6.) Panggilan Darurat

66 17 4
                                    

Di ujung hari yang sibuk, sebagai seorang banker aku masih harus menyelesaikan tugas-tugas terakhir sebelum bank tutup. Aku memastikan tim mengerjakan segala sesuatunya dengan cermat ketika menyusun laporan harian. Aku juga akan memastikan setiap detail tercatat dengan akurat untuk keperluan pelaporan dan audit. Tak lupa juga memastikan bahwa saldo kas sesuai dan semua dokumen dan sudah tersusun rapi. Setelah mengaktifkan semua sistem pengaman, aku dan rekan-rekan keluar bank dengan lega dan lelah seperti biasa. Jam kerja hari ini tak ada yang berubah, sama aja. Namun, entah kenapa akhir-akhir ini aku merasa jauh lebih letih.

Bagaimana tidak, aku harus mengeluarkan uang dalam jumlah banyak untuk hal yang tidak perlu, ganti rugi kepada Asha atas kecerobohan Rio. Sebenarnya, wanita itu tidak masalah dengan hal itu. Meski awalnya syok sejenak, melihat reaksi Rio dia justru memeluknya dan berkata tidak apa-apa.

Apanya yang tidak apa-apa? Mau ditaruh di mana mukaku kalau masalah sesepele ini saja tidak diatasi dengan baik. Gengsi dong malah kabur tidak bertanggung jawab. Aku memutuskan akan tetap menggantinya. Tentu saja hasilnya sudah diduga. Arya tak akan bisa membantuku dan pengeluaran dadakan itu memporak-porandakan keuangan rumah tangga kami.

Aku melihat debu-debu menempel di kaca mobil, kucolek dan mendesah setelahnya. Akhir pekan ini sepertinya tak ada waktu lagi untuk mencuci mobil ini. Kulihat jam tangan sebelum memutuskan mampir ke tempat cuci mobil. Baguslah, tak terlalu antre. Selagi menunggu, aku membeli kopi di stand yang berdiri tepat di sebelahnya. Sialnya, seakan semesta tak mengizinkanku bersantai-santai saja.

Dering ponsel yang sudah kuabaikan berkali-kali membuatku gusar. Kuangkat telepon itu dengan nada jengkel.

"Ya, halo." Aku mendengarkan seksama suara di seberang sambungan telepon. "Bapak belum pulang?"

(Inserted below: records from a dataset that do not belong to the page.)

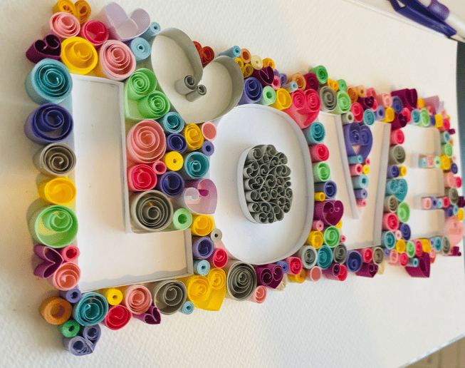 Uniquely handmade quilled LOVE wall art in frame, perfect for home decor
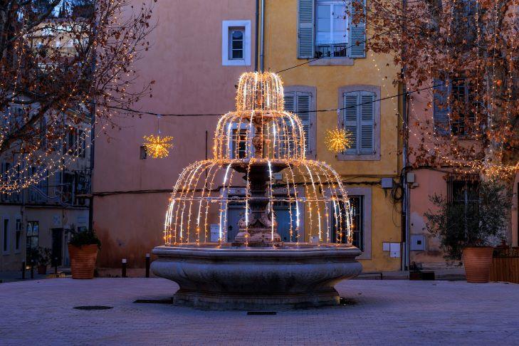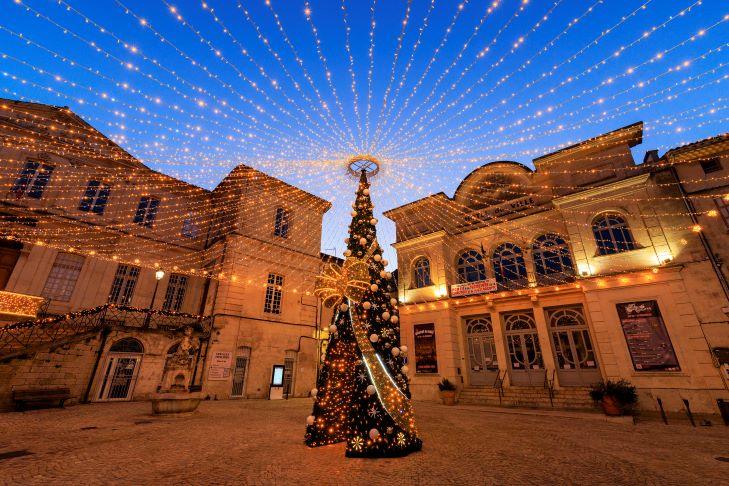 Zu den Feiertagen am Jahresende zeigt sich die Stadt Apt in der Provence in zarten Gold- und Silberlinien, die ihre provenzalische Architektur unterstreichen. In den Straßen der Innenstadt schmücken raffinierte Dekorationen rund um das Maschenmotiv die Fassaden und Bögen mit Finesse.
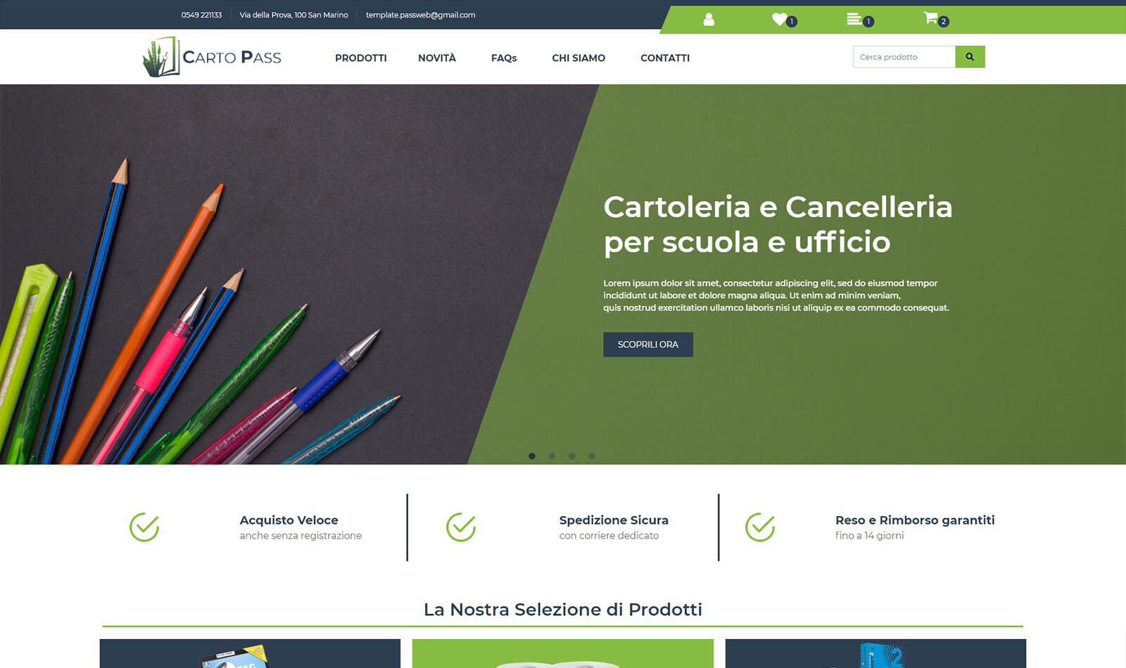 CartoPass o Cartoleria Shop è il modello perfetto per le cartolerie che vogliono entrare nel mondo del web con un sito moderno, minimale e funzionale.
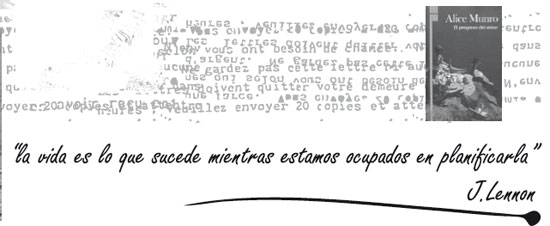 Para disfrutar de la lectura de Alice Munro, debemos tener presente a Lennon. Si esperamos sólo el desenlace de cualquiera de sus cuentos, apurando su lectura, nos perderemos todo lo que sucede alrededor de la trama. Y eso es lo delicioso de su lectura. Los personajes de Munro tienen una vida de relación, no sólo con otras personas sino con el entorno que los rodea. Y es precisamente ese entorno que los moldea lo que da valor y belleza a esos relatos que le valieron el Nobel de Literatura 2013.
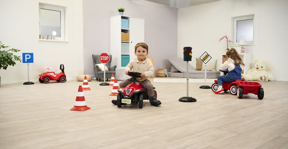 - - Zabawa i edukacja w jednym – świetne uzupełnienie toru dla BIG Bobby Car i innych pojazdów dziecięcych.
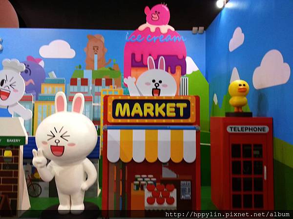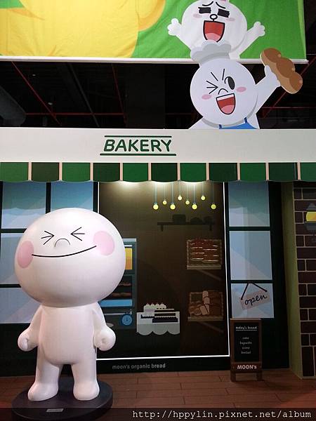 互動區:可掃描活動版上面的圖片(要先下載其專用的APP-MARQ),就會出現LINE人物在手機上,可與其合拍~(沒放上來),以下是立體版框,可站在框內與其合照~可惜我是自已一人去所以很難拍~@@
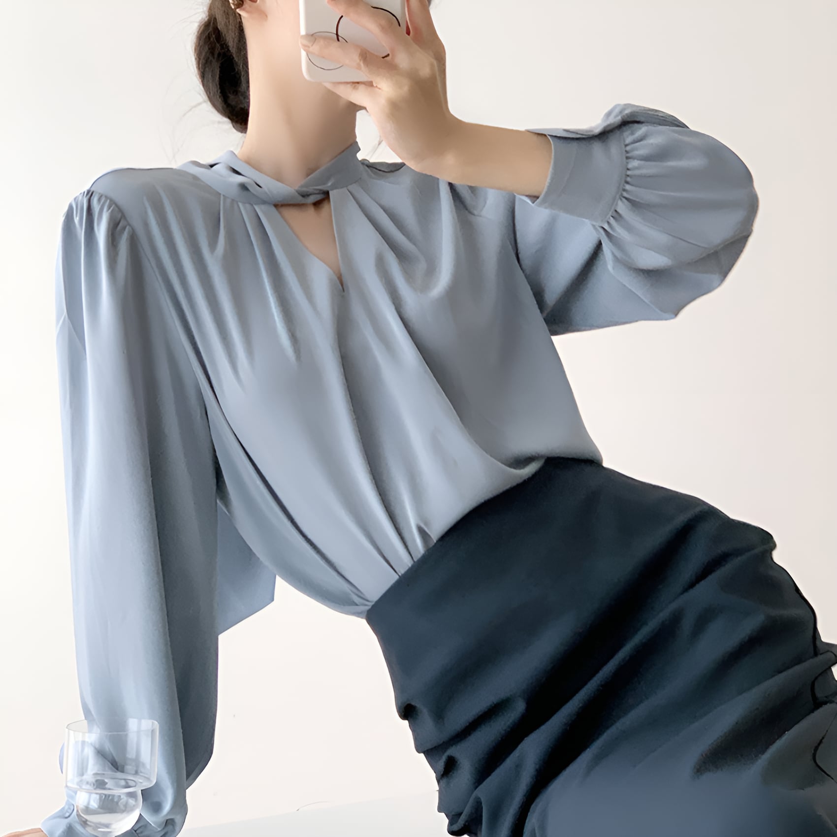 スマートでエレガントなヘイズブルーツイストリボンが特徴のプロフェッショナルシャツ。ビジネスシーンからパーティーやイベントまで、多彩なシーンで活躍する洗練されたデザインが魅力です。ツイストリボンが上品なアクセントとなり、華やかさを演出します。
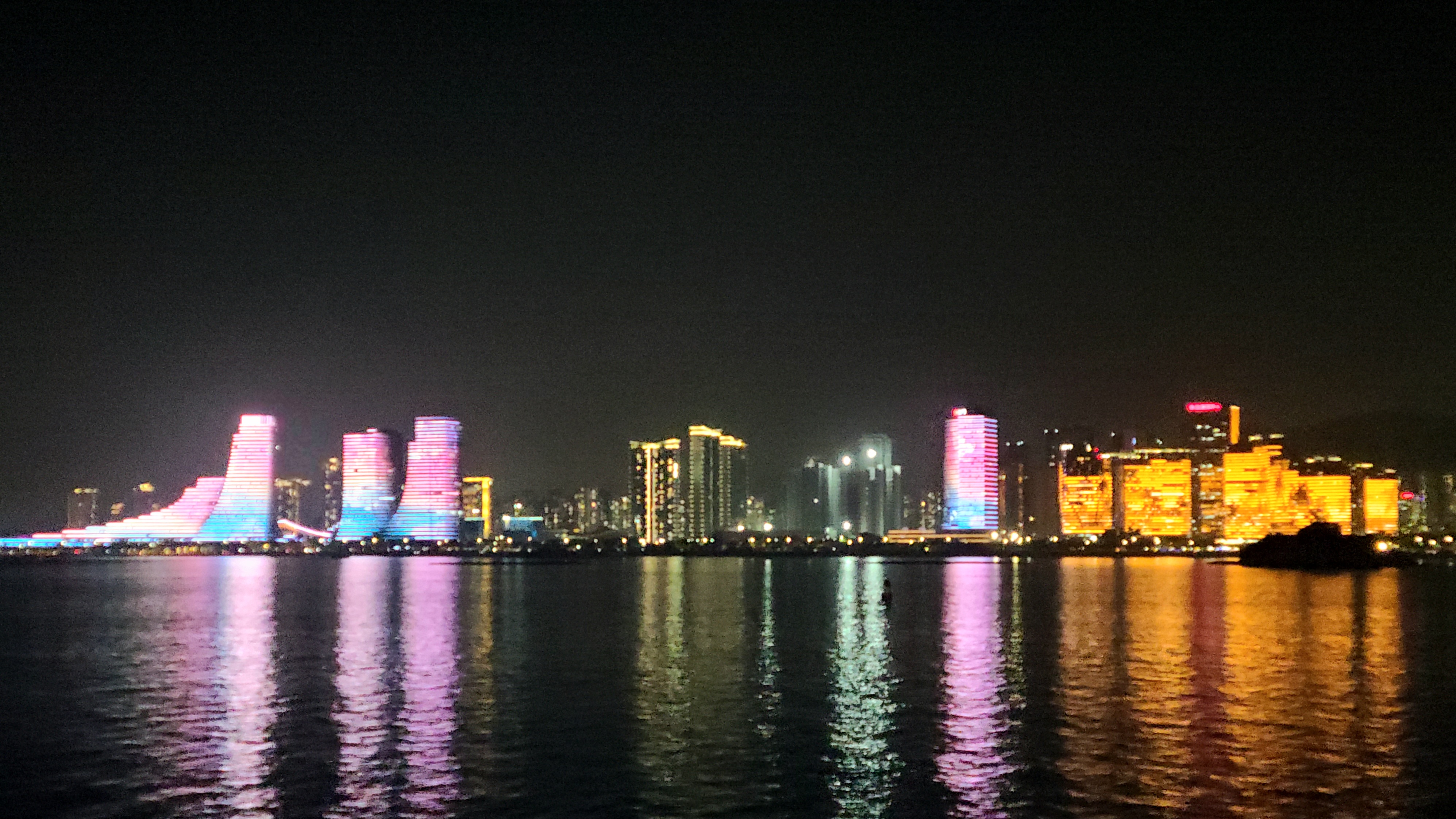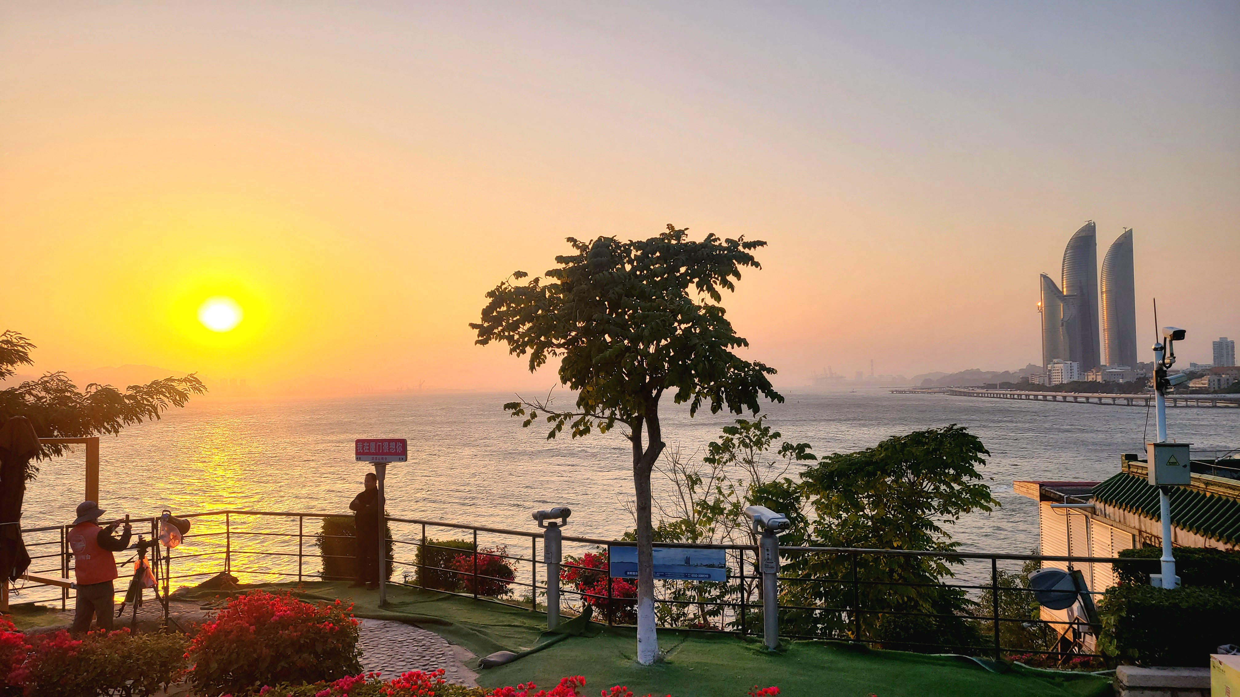 어느덧 해는 수평선 너머로 넘어가면서 멋진 석양을 연출하고 있었다. 저 멀리 해안가에 우뚝 솟은 샤먼의 랜드마크인 쌍둥이 빌딩이 자리하고 있었다. 아름다운 색감이 하늘에 물들고 그 빛이 바다에 서서히 드리워지며 한 폭의 풍경화를 탄생했다.

Aku mengembuskan napas kasar sebelum berkata, "Coba kamu telepon bapak sekali lagi ya mungkin lagi kerja di sekitaran situ. Aku lagi nanggung banget belum bisa pulang sekarang. Nanti kabari aku lagi ya."

"Hem, oke," kataku menutup panggilan. Refleks kulirik jam di tanganku dan memindai mobil hitam yang tengah dicuci. "Kayaknya nggak bakalan keburu kalau nunggu mobil selesai."

Suara klakson menyentakku, aku hampir meledak, tetapi kuurungkan mengingat yang datang adalah Arganara. Dia selalu bisa diandalkan dan datang di waktu yang tepat.

"Sori, ya bikin kaget." Dia tersenyum ramah. "Lagi butuh tumpangan?"

"Kamu kok ada di sini?"

"Aku beli beberapa camilan di sekitar sini, terus liat kamu kayak lagi gusar gitu. Butuh bantuan?"

"Sebenarnya butuh, sih, cuma abis ini kamu mau ke mana? Ntar aku ganggu kamu lagi."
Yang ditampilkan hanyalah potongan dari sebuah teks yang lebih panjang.